Dec 17 11:00:05 ariel openqa[27477]: [
Dec 17 11:00:05 ariel openqa[27477]: {
Dec 17 11:00:05 ariel openqa[27477]: "gru_id" => 17075633,
Dec 17 11:00:05 ariel openqa[27477]: "minion_id" => 122294
Dec 17 11:00:05 ariel openqa[27477]: },
Dec 17 11:00:05 ariel openqa[27477]: {
Dec 17 11:00:05 ariel openqa[27477]: "gru_id" => 17075634,
Dec 17 11:00:05 ariel openqa[27477]: "minion_id" => 122295
Dec 17 11:00:05 ariel openqa[27477]: }
Dec 17 11:00:05 ariel openqa[27477]: ]
Dec 17 11:00:05 ariel systemd[1]: Started Enqueues an asset cleanup and a result/logs cleanup task for the openQA..
and I can see the gru service to traverse our asset tree:
geekote+ 22046 41.8 1.2 366952 199536 ? SN 10:50 5:53 \_ /usr/bin/perl /usr/share/openqa/script/openqa gru -m production run --reset-locks
ariel:/home/okurz # strace -f -estat -p 22046
[…]
I can see that the gru process is merely stuck in /var/lib/openqa/share/factory/other where we have (ls -ltra | wc -l
) 87644 files. This did not seem to be that severe of a problem in before but now it is. I can try to manually mitigate this a bit for the time being by manually deleting old assets but we should come up with a better approach, at the very least we can revert the PR again.

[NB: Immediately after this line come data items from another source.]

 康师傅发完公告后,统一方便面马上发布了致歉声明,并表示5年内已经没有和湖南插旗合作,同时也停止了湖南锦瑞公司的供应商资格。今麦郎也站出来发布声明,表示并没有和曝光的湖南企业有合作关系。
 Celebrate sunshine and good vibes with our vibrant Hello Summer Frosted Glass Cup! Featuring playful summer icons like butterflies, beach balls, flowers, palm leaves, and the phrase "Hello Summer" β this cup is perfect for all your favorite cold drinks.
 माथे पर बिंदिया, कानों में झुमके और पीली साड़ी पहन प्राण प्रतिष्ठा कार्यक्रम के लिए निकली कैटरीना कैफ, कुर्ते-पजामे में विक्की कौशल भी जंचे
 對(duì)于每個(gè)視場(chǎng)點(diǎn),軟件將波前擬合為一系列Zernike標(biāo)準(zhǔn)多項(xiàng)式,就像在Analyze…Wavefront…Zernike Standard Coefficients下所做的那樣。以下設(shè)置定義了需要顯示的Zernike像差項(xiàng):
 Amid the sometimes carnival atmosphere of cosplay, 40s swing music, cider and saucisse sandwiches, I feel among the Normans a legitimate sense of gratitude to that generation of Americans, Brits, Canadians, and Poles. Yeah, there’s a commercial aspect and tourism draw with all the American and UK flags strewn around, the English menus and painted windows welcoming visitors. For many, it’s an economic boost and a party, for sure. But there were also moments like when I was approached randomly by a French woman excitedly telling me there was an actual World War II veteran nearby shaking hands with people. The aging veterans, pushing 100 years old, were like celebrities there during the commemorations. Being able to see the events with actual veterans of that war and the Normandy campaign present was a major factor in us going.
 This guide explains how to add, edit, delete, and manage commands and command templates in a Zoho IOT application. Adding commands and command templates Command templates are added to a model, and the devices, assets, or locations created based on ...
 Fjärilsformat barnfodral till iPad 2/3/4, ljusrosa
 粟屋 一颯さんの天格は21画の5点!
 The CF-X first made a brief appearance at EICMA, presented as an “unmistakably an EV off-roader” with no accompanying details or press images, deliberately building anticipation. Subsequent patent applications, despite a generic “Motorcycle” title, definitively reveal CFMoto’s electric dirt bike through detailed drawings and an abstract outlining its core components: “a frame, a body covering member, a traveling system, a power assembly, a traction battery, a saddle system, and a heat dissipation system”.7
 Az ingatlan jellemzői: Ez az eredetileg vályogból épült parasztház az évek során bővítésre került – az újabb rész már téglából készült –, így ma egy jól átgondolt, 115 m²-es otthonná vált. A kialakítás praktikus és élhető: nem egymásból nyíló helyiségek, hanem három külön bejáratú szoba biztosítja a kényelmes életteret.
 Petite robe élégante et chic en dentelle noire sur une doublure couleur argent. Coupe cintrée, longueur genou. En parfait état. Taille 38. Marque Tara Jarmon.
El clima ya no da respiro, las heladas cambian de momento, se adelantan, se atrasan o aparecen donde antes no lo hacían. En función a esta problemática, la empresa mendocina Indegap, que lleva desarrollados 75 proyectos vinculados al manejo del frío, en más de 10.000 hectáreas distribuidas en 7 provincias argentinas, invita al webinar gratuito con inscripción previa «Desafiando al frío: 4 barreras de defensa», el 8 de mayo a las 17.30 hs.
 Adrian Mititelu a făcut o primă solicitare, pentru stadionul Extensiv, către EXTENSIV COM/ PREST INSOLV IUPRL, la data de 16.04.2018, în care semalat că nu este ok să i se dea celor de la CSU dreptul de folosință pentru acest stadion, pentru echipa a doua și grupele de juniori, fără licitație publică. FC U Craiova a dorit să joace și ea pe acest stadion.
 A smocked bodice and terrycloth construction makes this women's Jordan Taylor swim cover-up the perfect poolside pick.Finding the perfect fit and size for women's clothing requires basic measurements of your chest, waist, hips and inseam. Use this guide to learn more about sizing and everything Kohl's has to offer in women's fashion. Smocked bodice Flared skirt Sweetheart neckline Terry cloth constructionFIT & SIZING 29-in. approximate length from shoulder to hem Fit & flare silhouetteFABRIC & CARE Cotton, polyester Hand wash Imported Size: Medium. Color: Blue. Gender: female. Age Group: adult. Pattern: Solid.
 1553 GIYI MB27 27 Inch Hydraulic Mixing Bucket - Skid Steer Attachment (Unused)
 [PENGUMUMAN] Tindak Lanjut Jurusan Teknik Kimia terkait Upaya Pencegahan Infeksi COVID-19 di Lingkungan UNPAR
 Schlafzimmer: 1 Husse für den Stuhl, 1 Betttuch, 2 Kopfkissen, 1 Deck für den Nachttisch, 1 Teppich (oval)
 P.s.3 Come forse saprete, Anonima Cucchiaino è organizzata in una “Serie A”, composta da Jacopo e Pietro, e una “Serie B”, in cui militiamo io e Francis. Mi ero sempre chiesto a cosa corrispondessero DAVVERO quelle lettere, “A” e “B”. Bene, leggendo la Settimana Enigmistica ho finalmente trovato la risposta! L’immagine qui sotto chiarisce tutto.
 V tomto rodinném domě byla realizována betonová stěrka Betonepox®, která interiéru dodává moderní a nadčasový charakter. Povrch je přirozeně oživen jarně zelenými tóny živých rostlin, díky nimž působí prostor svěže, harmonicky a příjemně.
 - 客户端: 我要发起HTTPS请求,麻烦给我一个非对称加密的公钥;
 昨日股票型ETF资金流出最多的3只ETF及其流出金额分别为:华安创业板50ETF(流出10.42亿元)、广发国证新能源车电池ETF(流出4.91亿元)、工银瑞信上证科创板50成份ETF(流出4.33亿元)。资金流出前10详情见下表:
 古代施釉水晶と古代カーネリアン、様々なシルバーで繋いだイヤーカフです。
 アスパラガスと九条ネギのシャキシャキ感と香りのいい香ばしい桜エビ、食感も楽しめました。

EDIT: find -name '*TEMP*' -delete
and find -mtime +365 -delete
.
As the cleanup task is still stuck in the same repo and /space is about to run full I killed the gru process and rolled back the web UI for now with zypper -n in -f /var/cache/zypp/packages/devel_openQA/noarch/openQA*-4.6.1576340016.48aaffc06-lp151.2103.1.noarch.rpm
. Immediately after the services were restarted the cleanup started and it immediately unlinked files and was not stuck in traversing. So this rolled back successfully the openQA webui installation. This seems to help with the asset management. https://openqa.opensuse.org/admin/assets is usable again and /space seems to recover.
@mkittler I propose to revert and you try to reproduce the problem with a test, e.g. with 100k local files. I have the suspicion the problem has to do with paths, e.g. chdir or absolute/relative or so.